THE DATA =
============

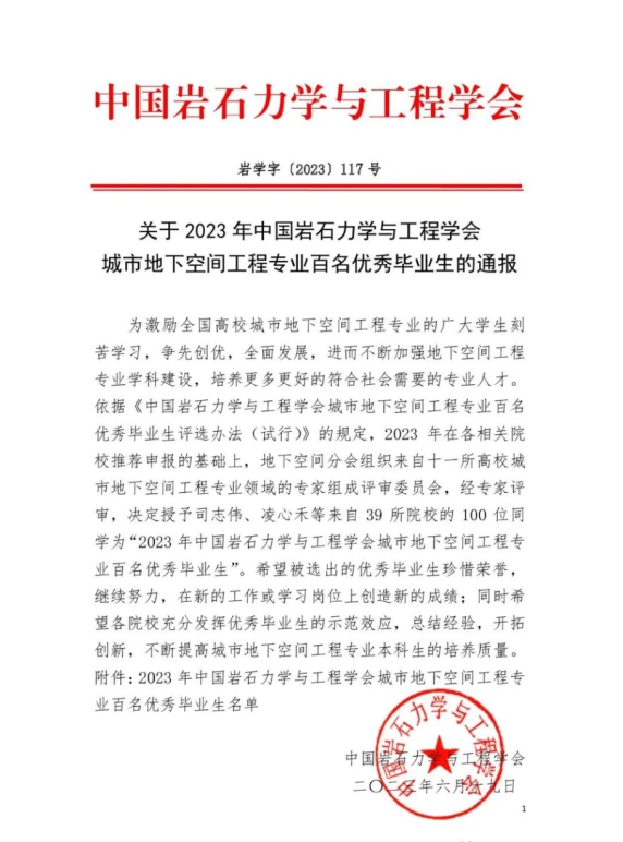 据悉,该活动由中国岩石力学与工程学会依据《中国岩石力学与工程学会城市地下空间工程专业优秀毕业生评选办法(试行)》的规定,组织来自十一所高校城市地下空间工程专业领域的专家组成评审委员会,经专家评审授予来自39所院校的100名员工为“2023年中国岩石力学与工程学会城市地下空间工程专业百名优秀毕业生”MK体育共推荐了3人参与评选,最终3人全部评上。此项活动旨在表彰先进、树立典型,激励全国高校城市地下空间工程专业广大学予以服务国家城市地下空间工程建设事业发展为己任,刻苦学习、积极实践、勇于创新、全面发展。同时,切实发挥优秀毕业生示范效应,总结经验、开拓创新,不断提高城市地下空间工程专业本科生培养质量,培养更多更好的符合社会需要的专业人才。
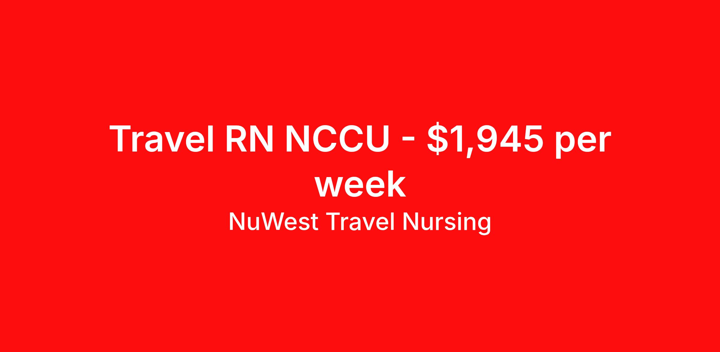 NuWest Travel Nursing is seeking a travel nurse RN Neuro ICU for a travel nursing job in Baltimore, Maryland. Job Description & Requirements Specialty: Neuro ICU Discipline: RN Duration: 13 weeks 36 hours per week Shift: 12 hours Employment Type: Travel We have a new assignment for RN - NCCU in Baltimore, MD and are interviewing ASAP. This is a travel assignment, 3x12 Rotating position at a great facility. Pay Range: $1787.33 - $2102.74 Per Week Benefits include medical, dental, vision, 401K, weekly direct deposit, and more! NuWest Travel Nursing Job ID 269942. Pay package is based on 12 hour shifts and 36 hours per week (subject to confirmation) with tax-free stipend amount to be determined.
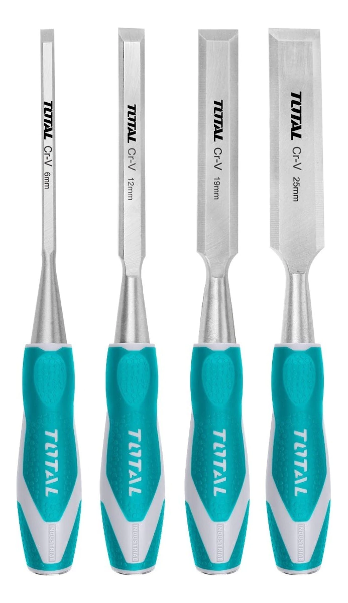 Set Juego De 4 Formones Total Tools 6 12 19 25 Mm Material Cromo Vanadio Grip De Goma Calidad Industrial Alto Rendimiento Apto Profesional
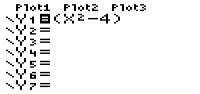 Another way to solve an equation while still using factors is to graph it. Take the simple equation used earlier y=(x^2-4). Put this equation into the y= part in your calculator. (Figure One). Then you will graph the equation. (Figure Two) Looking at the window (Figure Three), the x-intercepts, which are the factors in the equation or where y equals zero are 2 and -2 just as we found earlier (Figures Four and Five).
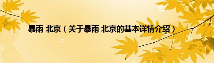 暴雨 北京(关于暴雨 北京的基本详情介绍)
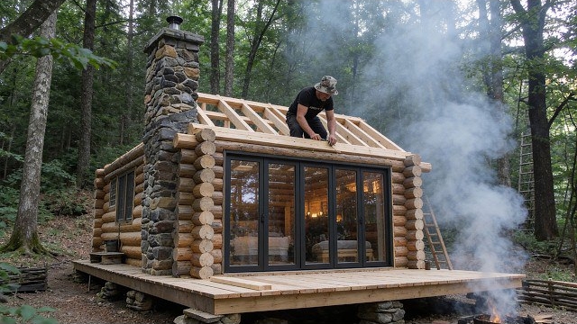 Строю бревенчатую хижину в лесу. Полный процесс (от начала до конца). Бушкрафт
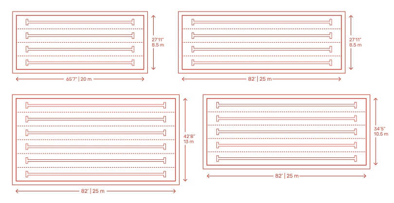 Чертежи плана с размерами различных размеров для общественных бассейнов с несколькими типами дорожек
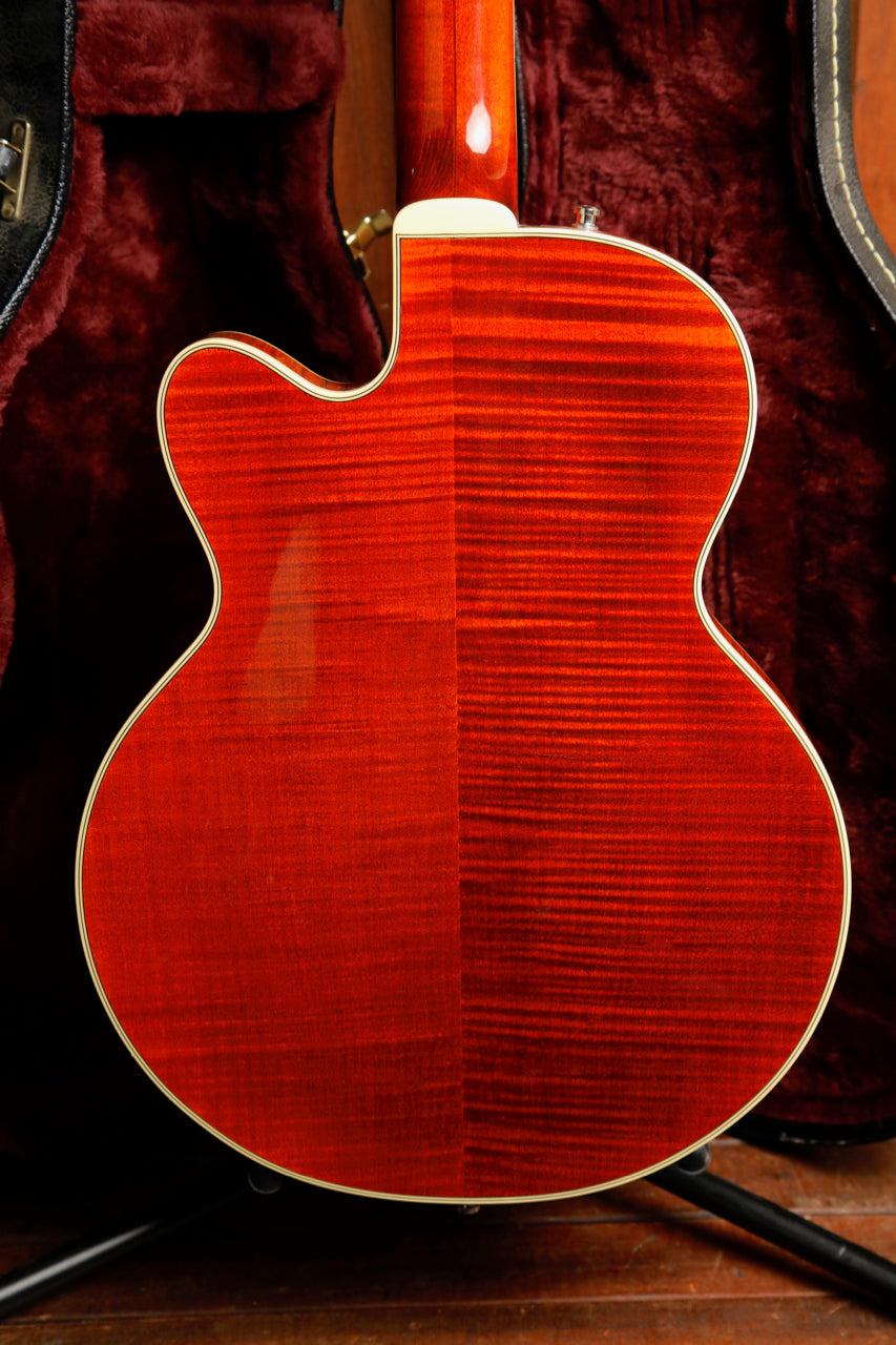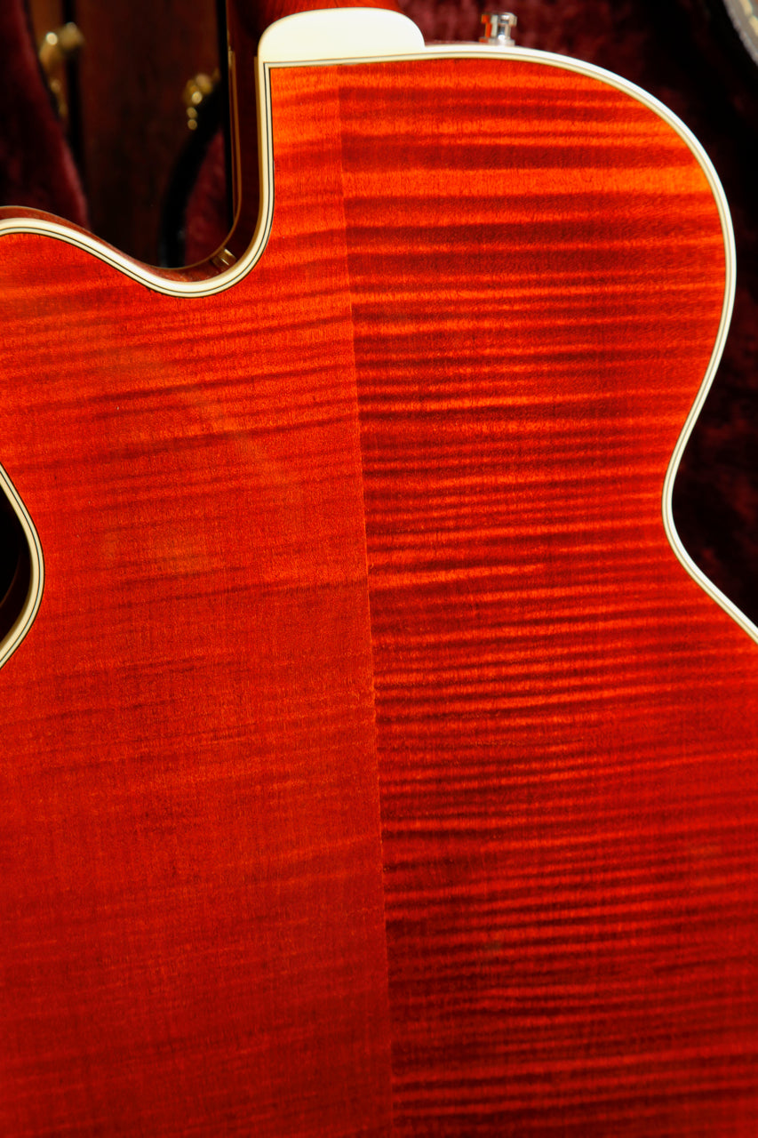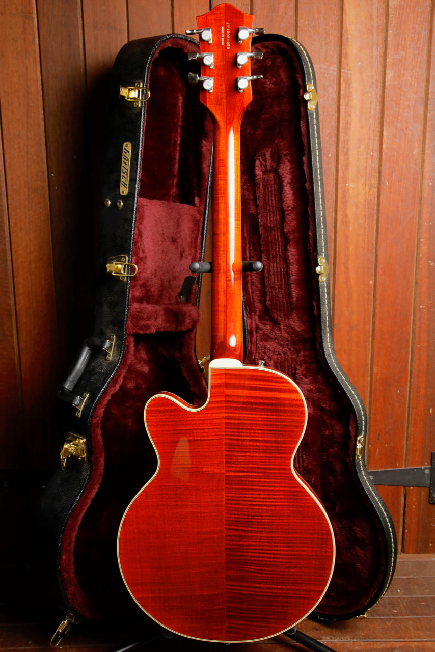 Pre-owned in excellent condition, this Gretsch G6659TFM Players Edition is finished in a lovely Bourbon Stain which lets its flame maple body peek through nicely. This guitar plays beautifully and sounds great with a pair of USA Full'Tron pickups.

============

THE PROBLEM = Nothing but the pictures may be dropped; restate the material word for word.

RESPONSE =
 据悉,该活动由中国岩石力学与工程学会依据《中国岩石力学与工程学会城市地下空间工程专业优秀毕业生评选办法(试行)》的规定,组织来自十一所高校城市地下空间工程专业领域的专家组成评审委员会,经专家评审授予来自39所院校的100名员工为“2023年中国岩石力学与工程学会城市地下空间工程专业百名优秀毕业生”MK体育共推荐了3人参与评选,最终3人全部评上。此项活动旨在表彰先进、树立典型,激励全国高校城市地下空间工程专业广大学予以服务国家城市地下空间工程建设事业发展为己任,刻苦学习、积极实践、勇于创新、全面发展。同时,切实发挥优秀毕业生示范效应,总结经验、开拓创新,不断提高城市地下空间工程专业本科生培养质量,培养更多更好的符合社会需要的专业人才。
 NuWest Travel Nursing is seeking a travel nurse RN Neuro ICU for a travel nursing job in Baltimore, Maryland. Job Description & Requirements Specialty: Neuro ICU Discipline: RN Duration: 13 weeks 36 hours per week Shift: 12 hours Employment Type: Travel We have a new assignment for RN - NCCU in Baltimore, MD and are interviewing ASAP. This is a travel assignment, 3x12 Rotating position at a great facility. Pay Range: $1787.33 - $2102.74 Per Week Benefits include medical, dental, vision, 401K, weekly direct deposit, and more! NuWest Travel Nursing Job ID 269942. Pay package is based on 12 hour shifts and 36 hours per week (subject to confirmation) with tax-free stipend amount to be determined.
 Set Juego De 4 Formones Total Tools 6 12 19 25 Mm Material Cromo Vanadio Grip De Goma Calidad Industrial Alto Rendimiento Apto Profesional
 Another way to solve an equation while still using factors is to graph it. Take the simple equation used earlier y=(x^2-4). Put this equation into the y= part in your calculator. (Figure One). Then you will graph the equation. (Figure Two) Looking at the window (Figure Three), the x-intercepts, which are the factors in the equation or where y equals zero are 2 and -2 just as we found earlier (Figures Four and Five).
 暴雨 北京(关于暴雨 北京的基本详情介绍)
 Строю бревенчатую хижину в лесу. Полный процесс (от начала до конца). Бушкрафт
 Чертежи плана с размерами различных размеров для общественных бассейнов с несколькими типами дорожек
 Pre-owned in excellent condition, this Gretsch G6659TFM Players Edition is finished in a lovely Bourbon Stain which lets its flame maple body peek through nicely. This guitar plays beautifully and sounds great with a pair of USA Full'Tron pickups.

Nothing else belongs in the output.